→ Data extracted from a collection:
Segment Open

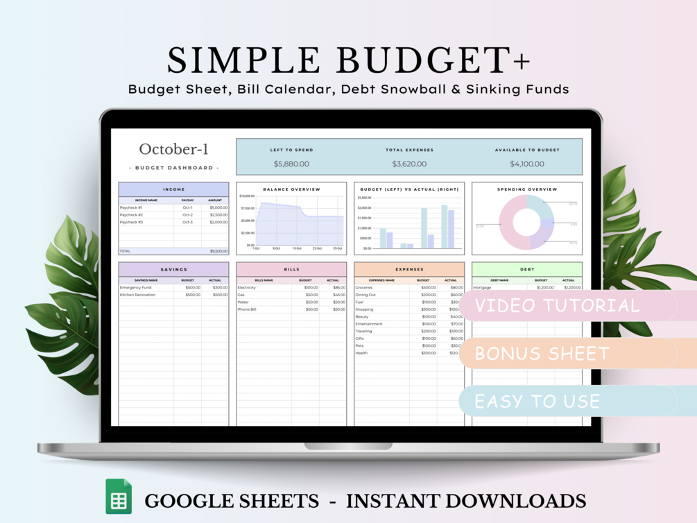 โข This budget template is only compatible with Google Sheets and not with Excel.
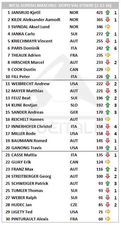 I criteri di assegnazione dei pettorali per le discipline veloci prevedono, infatti, in questa stagione la creazione di tre gruppi di 10 atleti di fatto. Il primo gruppo, coloro che nella World Cup Starting List occupano le prime dieci posizioni, scelgono il loro numero di partenza tra quelli dispari tra l'1 e il 19. Terzo a Val d'Isere, Dominik Paris recupera sei posizioni e occupa ora il sesto posto nella WCSL e in Val Gardena sarà il sesto a scegliere il pettorale. Entra nei dieci anche Peter Fill anche se il decimo posto è forse il più sfavorito dall'attuale regolamento dovendo prendere l'unico numero dispari non scelto e non avendo la possibilità che hanno gli atleti del secondo gruppo di avere un sorteggio più favorevole. A fare spazio ai due italiani nei primi dieci sono Andrew Weibrecht and Matthias Mayer.
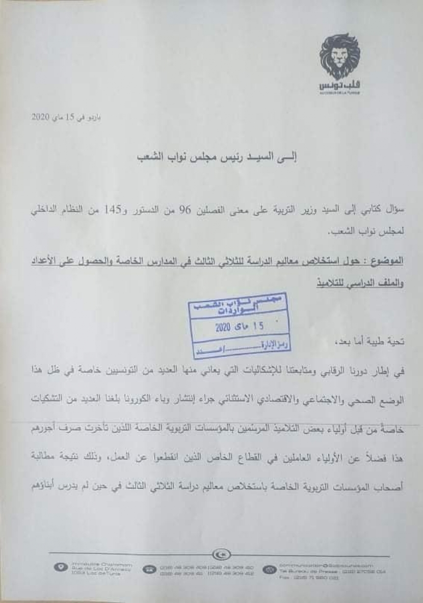 وجاء هذا التساؤل إثر ورود العديد من التشكيات خاصةً من قبل أولياء بعض التلاميذ المرسّمين بالمؤسسات التربوية الخاصة اللذين تأخرت صرف أجورهم هذا فضلاً عن الأولياء العاملين في القطاع الخاص الذين انقطعوا عن العمل، وذلك نتيجة مطالبة أصحاب المؤسسات التربوية الخاصة باستخلاص معاليم دراسة الثلاثي الثالث في حين لم يدرس أبناؤهم يوما واحدا ولم يتمتّعوا بأي خدمات تعليمية أو ترفيهيّة وذلك بمقتضى إقرار الحجر الصحي الشامل على كامل البلاد منذ 21 مارس الفارط وفق ما أفادت به مريم السعيدي في سؤالها لوزير التربية.
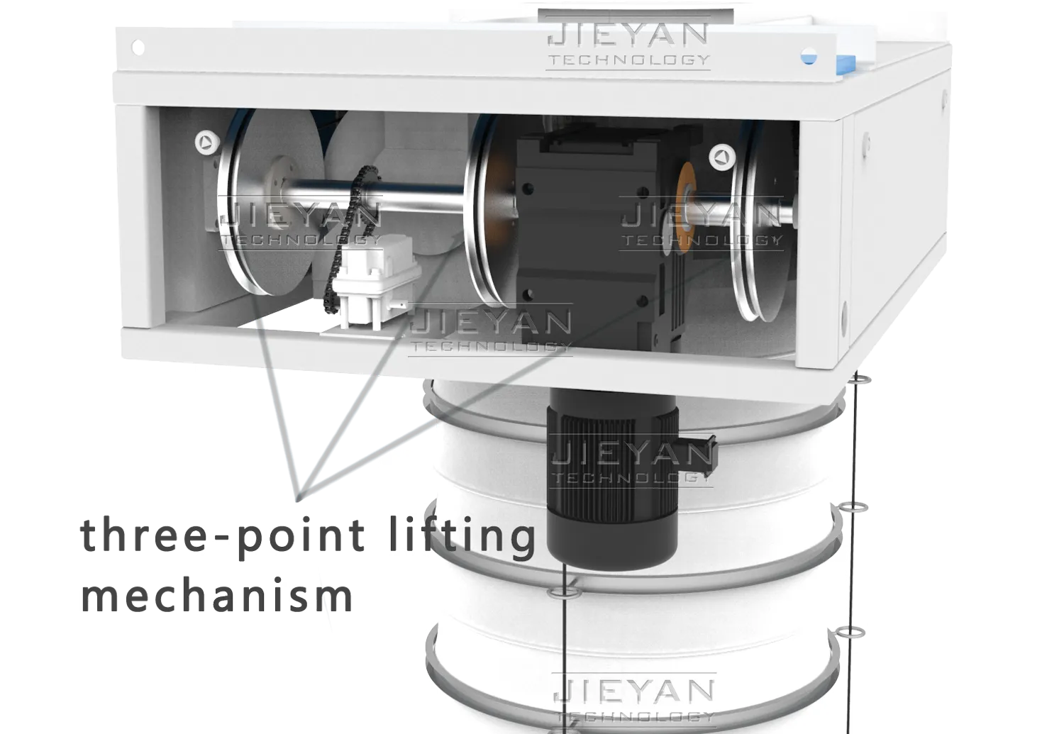 Our triple-rope winch system ensures exceptional stability during operation with its three lifting points. Paired with a high-torque K-series gearbox delivering over 96% efficiency and superior overload capacity, it's engineered for the most demanding heavy-duty applications.
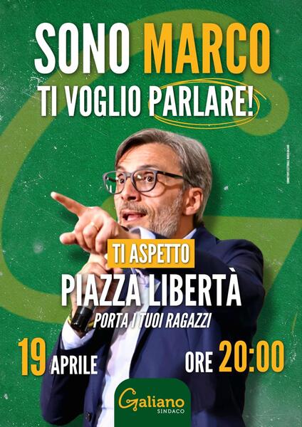Il percorso di partecipazione culminerà domenica 19 aprile in Piazza Libertà, alle 20, dove Marco Galiano terrà un comizio per condividere le linee guida del progetto collettivo, evidenziando come il coinvolgimento dei cittadini sia ormai il cardine di una visione politica e sociale rinnovata per il futuro del territorio.
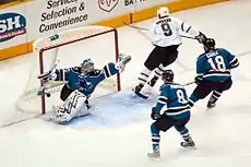 In 1999, Modano won the Stanley Cup with the Stars, playing all six games of the finals against the Buffalo Sabres despite breaking his wrist in the second game.[5] Modano assisted on the Stars' final five goals of the series, including both in Game 5 and Game 6, and final goal. Led the Stars with 23 points in the playoffs, with all seven in the finals on assists.[8] The Stars returned to the finals in 2000 against the New Jersey Devils. Modano scored the overtime goal that gave the Stars a victory in game 5,[9] but in game 6 in Dallas, the Devils wound up closing the series 4–2.[10]
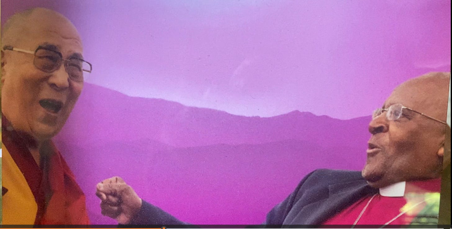 And they all put on their pants (okay His Holiness, his briefs) one leg at a time. Like us. And so I put them on my altar. In the midst of my outrage, my despair, I bow to their courage, their equanimity. I thank them for their example. Their unfiltered humanity. And still, I doubt: “How DID You Do This?” You witnessed, experienced, torture, depravity, lost your country, (it has happened before). And yet you continued to live with fullness, appreciation, hope. Really, is this possible? Here and Now?
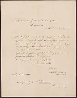 Jako první kapelník Prozatímního divadla zastával Smetana významné společenské postavení a účastnil se řady národně politických akcí. Tak se v červenci 1868 účastnil národní pouti do Kostnice nebo v roce 1870 pouti do Borové při příležitosti odhalení Havlíčkovy pamětní desky.[162] Nejvýznamnější pro něj byla slavnost položení základních kamenů Národního divadla 16. května 1868. Při poklepu na kámen pronesl Smetana později proslavené heslo „V hudbě život Čechů“, dokládající zvláštní význam hudby v procesu české národní emancipace v 19. století.[163]
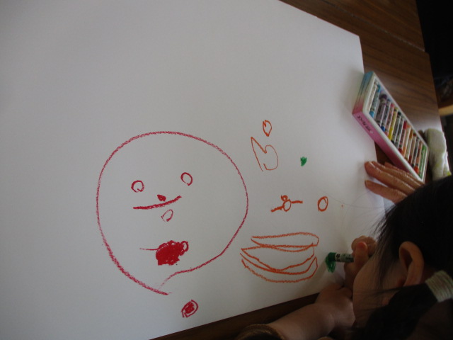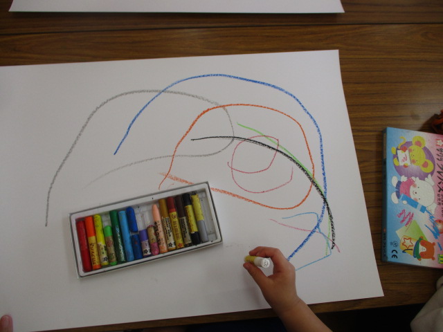 白い画用紙にお絵かきをしました。シャーシャーと線を描いたり、顔を描いてみたり…。好きな色を使ってお絵描きを楽しみました♪
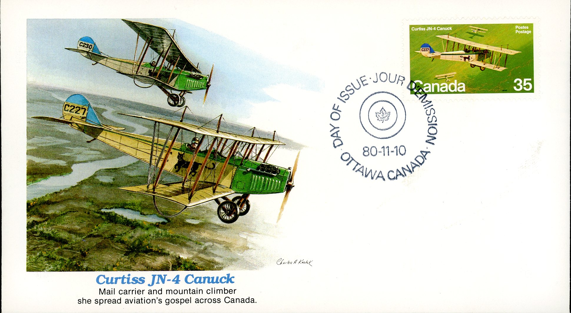 Canada FDC#875 – Curtiss JN-4 Canuck (1980) 35¢
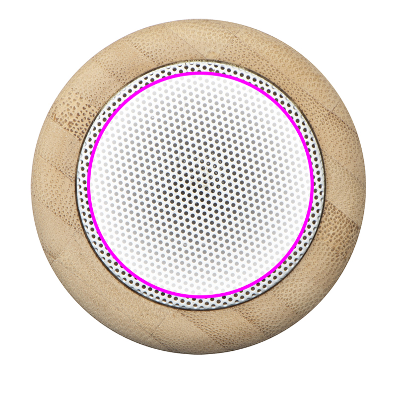 Динамик Bluetooth 5.0 из ABS и бамбука с меняющей цвет светодиодной подсветкой, аккумулятором емкостью 300 мАч, временем зарядки 2 часа и радиусом действия до 10 метров. Ваш логотип будет размещен на динамике.
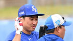 [OSEN=오키나와(일본), 이대선 기자] 27일 일본 오키나와 온나손 아카마 볼파크에서 삼성 라이온즈 스프링캠프가 진행됐다.삼성 강민호가 후배 이병헌을 격려하고 있다. 2023.02.27 /sunday@osen.co.kr

Segment Closed

→ What you need to do: Retype all entries exactly; omit pictures.

→ Exercise result:
 โข This budget template is only compatible with Google Sheets and not with Excel.
 I criteri di assegnazione dei pettorali per le discipline veloci prevedono, infatti, in questa stagione la creazione di tre gruppi di 10 atleti di fatto. Il primo gruppo, coloro che nella World Cup Starting List occupano le prime dieci posizioni, scelgono il loro numero di partenza tra quelli dispari tra l'1 e il 19. Terzo a Val d'Isere, Dominik Paris recupera sei posizioni e occupa ora il sesto posto nella WCSL e in Val Gardena sarà il sesto a scegliere il pettorale. Entra nei dieci anche Peter Fill anche se il decimo posto è forse il più sfavorito dall'attuale regolamento dovendo prendere l'unico numero dispari non scelto e non avendo la possibilità che hanno gli atleti del secondo gruppo di avere un sorteggio più favorevole. A fare spazio ai due italiani nei primi dieci sono Andrew Weibrecht and Matthias Mayer.
 وجاء هذا التساؤل إثر ورود العديد من التشكيات خاصةً من قبل أولياء بعض التلاميذ المرسّمين بالمؤسسات التربوية الخاصة اللذين تأخرت صرف أجورهم هذا فضلاً عن الأولياء العاملين في القطاع الخاص الذين انقطعوا عن العمل، وذلك نتيجة مطالبة أصحاب المؤسسات التربوية الخاصة باستخلاص معاليم دراسة الثلاثي الثالث في حين لم يدرس أبناؤهم يوما واحدا ولم يتمتّعوا بأي خدمات تعليمية أو ترفيهيّة وذلك بمقتضى إقرار الحجر الصحي الشامل على كامل البلاد منذ 21 مارس الفارط وفق ما أفادت به مريم السعيدي في سؤالها لوزير التربية.
 Our triple-rope winch system ensures exceptional stability during operation with its three lifting points. Paired with a high-torque K-series gearbox delivering over 96% efficiency and superior overload capacity, it's engineered for the most demanding heavy-duty applications.
Il percorso di partecipazione culminerà domenica 19 aprile in Piazza Libertà, alle 20, dove Marco Galiano terrà un comizio per condividere le linee guida del progetto collettivo, evidenziando come il coinvolgimento dei cittadini sia ormai il cardine di una visione politica e sociale rinnovata per il futuro del territorio.
 In 1999, Modano won the Stanley Cup with the Stars, playing all six games of the finals against the Buffalo Sabres despite breaking his wrist in the second game.[5] Modano assisted on the Stars' final five goals of the series, including both in Game 5 and Game 6, and final goal. Led the Stars with 23 points in the playoffs, with all seven in the finals on assists.[8] The Stars returned to the finals in 2000 against the New Jersey Devils. Modano scored the overtime goal that gave the Stars a victory in game 5,[9] but in game 6 in Dallas, the Devils wound up closing the series 4–2.[10]
 And they all put on their pants (okay His Holiness, his briefs) one leg at a time. Like us. And so I put them on my altar. In the midst of my outrage, my despair, I bow to their courage, their equanimity. I thank them for their example. Their unfiltered humanity. And still, I doubt: “How DID You Do This?” You witnessed, experienced, torture, depravity, lost your country, (it has happened before). And yet you continued to live with fullness, appreciation, hope. Really, is this possible? Here and Now?
 Jako první kapelník Prozatímního divadla zastával Smetana významné společenské postavení a účastnil se řady národně politických akcí. Tak se v červenci 1868 účastnil národní pouti do Kostnice nebo v roce 1870 pouti do Borové při příležitosti odhalení Havlíčkovy pamětní desky.[162] Nejvýznamnější pro něj byla slavnost položení základních kamenů Národního divadla 16. května 1868. Při poklepu na kámen pronesl Smetana později proslavené heslo „V hudbě život Čechů“, dokládající zvláštní význam hudby v procesu české národní emancipace v 19. století.[163]
 白い画用紙にお絵かきをしました。シャーシャーと線を描いたり、顔を描いてみたり…。好きな色を使ってお絵描きを楽しみました♪
 Canada FDC#875 – Curtiss JN-4 Canuck (1980) 35¢
 Динамик Bluetooth 5.0 из ABS и бамбука с меняющей цвет светодиодной подсветкой, аккумулятором емкостью 300 мАч, временем зарядки 2 часа и радиусом действия до 10 метров. Ваш логотип будет размещен на динамике.
 [OSEN=오키나와(일본), 이대선 기자] 27일 일본 오키나와 온나손 아카마 볼파크에서 삼성 라이온즈 스프링캠프가 진행됐다.삼성 강민호가 후배 이병헌을 격려하고 있다. 2023.02.27 /sunday@osen.co.kr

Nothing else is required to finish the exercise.